Regarding the influence of dimensions, we observe that for both $\beta$-VAE and SFS-VAE, the energy and ${\mathrm{d}\mathrm{e}\mathrm{t}}_{\mathbf{R}}$ metrics vary as the latent variable dimension increases. For example, in the $\beta$-VAE model, the energy and ${\mathrm{d}\mathrm{e}\mathrm{t}}_{\mathbf{R}}$ are 71.3 and 89.23, respectively, when the dimension is 10, but when the dimension is 20, the energy increases while ${\mathrm{d}\mathrm{e}\mathrm{t}}_{\mathbf{R}}$ decreases. This implies that although higher dimensions can capture more energy, they may also introduce redundant information or make it difficult for the model to fully separate key features. In contrast, in the 10-dimensional and 20-dimensional SFS-VAE models, the energy improvement is not significant, especially when $\beta$ is small. We believe this is because the effective information in the data has been largely captured around a 75% energy level. Due to the characteristics of schlieren data, which has a small data volume and high noise, the upper limit of the effective energy it contains is relatively low, and it cannot capture over 90% of the energy like flow field simulation data. Therefore, in this case, increasing the latent variable dimension to a certain extent and then further increasing it contributes very little to the energy improvement and may even introduce redundant information. This reminds us that in future work, we should consider increasing the memory capacity of the shooting equipment to extend the temporal length of the dataset or generate more data through high-fidelity video frame interpolation models.

Overall, the SFS-VAE model consistently outperforms the $\beta$-VAE across most parameter combinations, especially demonstrating superior PSNR in image reconstruction, while not significantly increasing the number of parameters.
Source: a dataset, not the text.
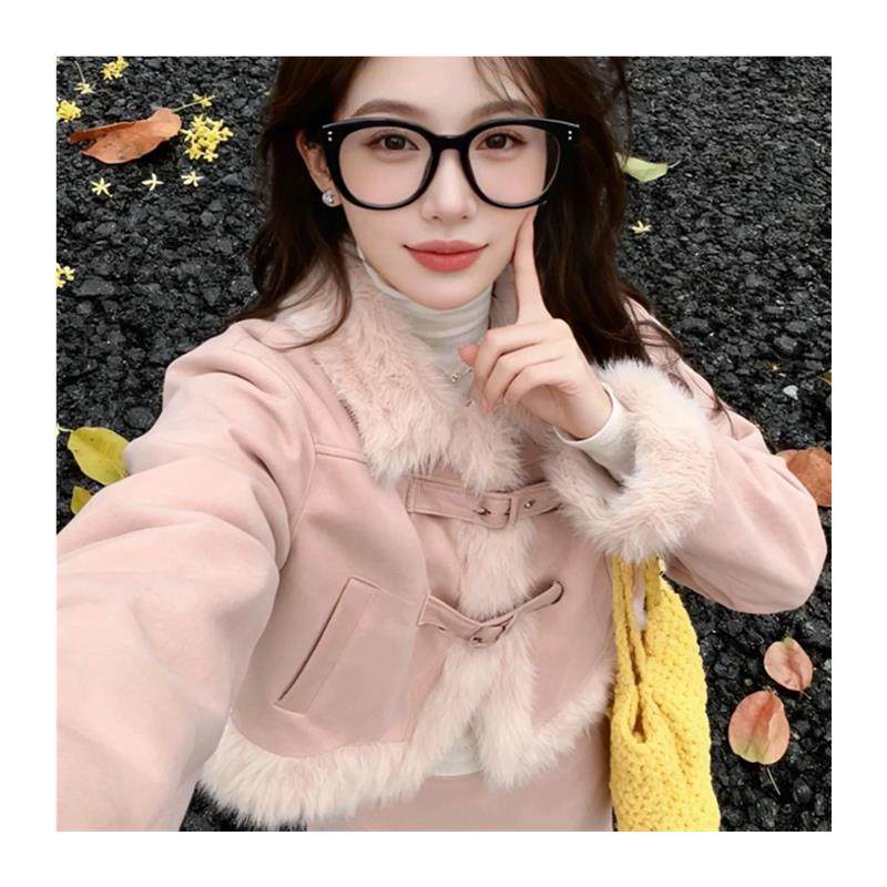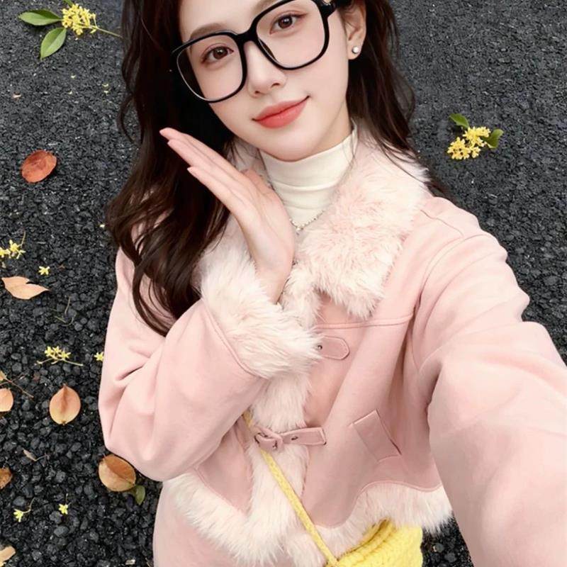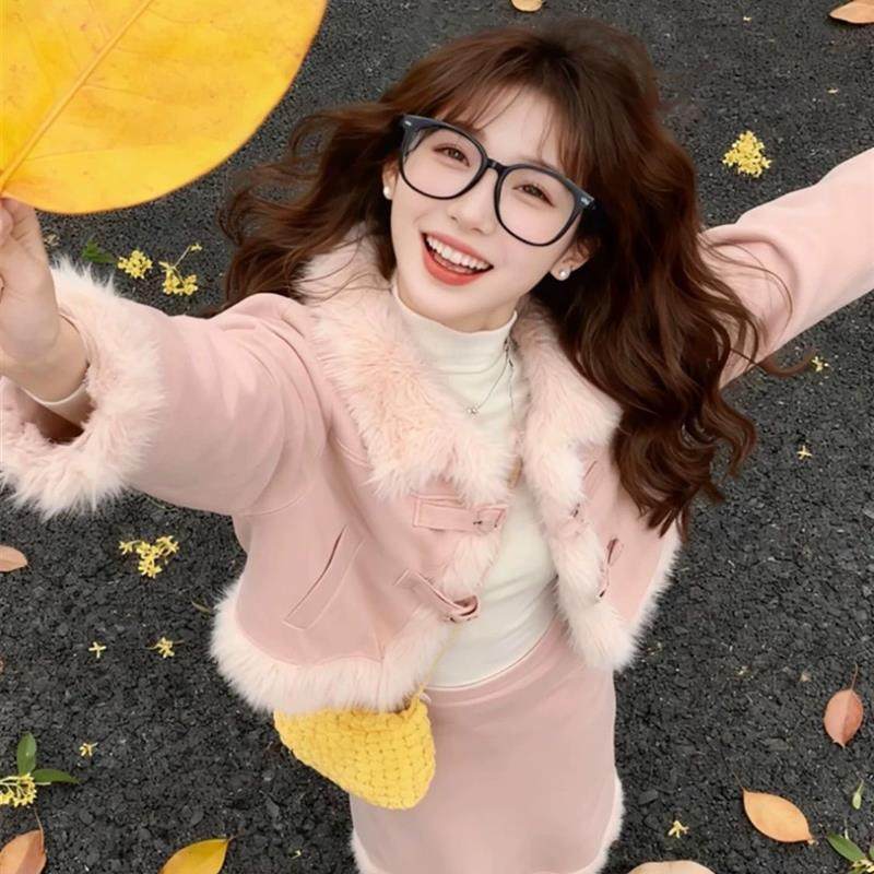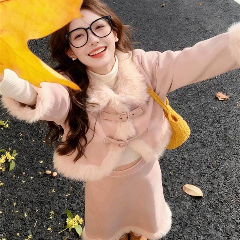 法式 裙秋冬夹棉保暖外套裙子两件套 高级名媛超仙绝美翻领粉色套装

This balance offers potential for real-time applications.

5.2. Analysis of Generalization Capability Under Diverse Operating Conditions

To comprehensively evaluate the generalization capability of the model under diverse operating conditions, we designed additional experiments using a controlled variable approach. The experiment conducted earlier in the text (Mach number 0.1, temperature ratio 1.3, blowing ratio 2.5) is designated as Working Condition 1 and serves as the baseline for comparison. In Working Condition 2, the mainstream Mach number is increased to 0.3 while keeping the temperature ratio (1.3) and blowing ratio (2.5) unchanged, in order to investigate the influence of higher inlet velocities on model performance. In Working Condition 3, the Mach number (0.1) and blowing ratio (2.5) are kept consistent with Working Condition 1, while the temperature ratio is reduced to 1.2 to evaluate the effect of weakened thermal gradients on flow feature reconstruction.

Figure 17 presents the first frame of the schlieren images obtained under each working condition, providing a visual reference for the differences in flow field structures.

Table 3. Results of the $\beta$-VAE and SFS-VAE under three working conditions (Values in bold indicate the optimal performance under the corresponding method).

Method	Conditions	Energy (%)	DetR	Reconstruction PSNR (dB)	Prediction PSNR (dB) *
$\beta$-VAE	1	67.2	90.64	36.12	33.81
	2	66.5	91.23	35.95	33.62
	3	66.9	90.49	36.07	33.90
SFS-VAE	1	73.8	88.76	37.72	34.84
	2	73.3	88.05	37.55	34.47
	3	73.4	87.88	37.58	34.61

* Prediction PSNR is the PSNR at the 50th prediction step.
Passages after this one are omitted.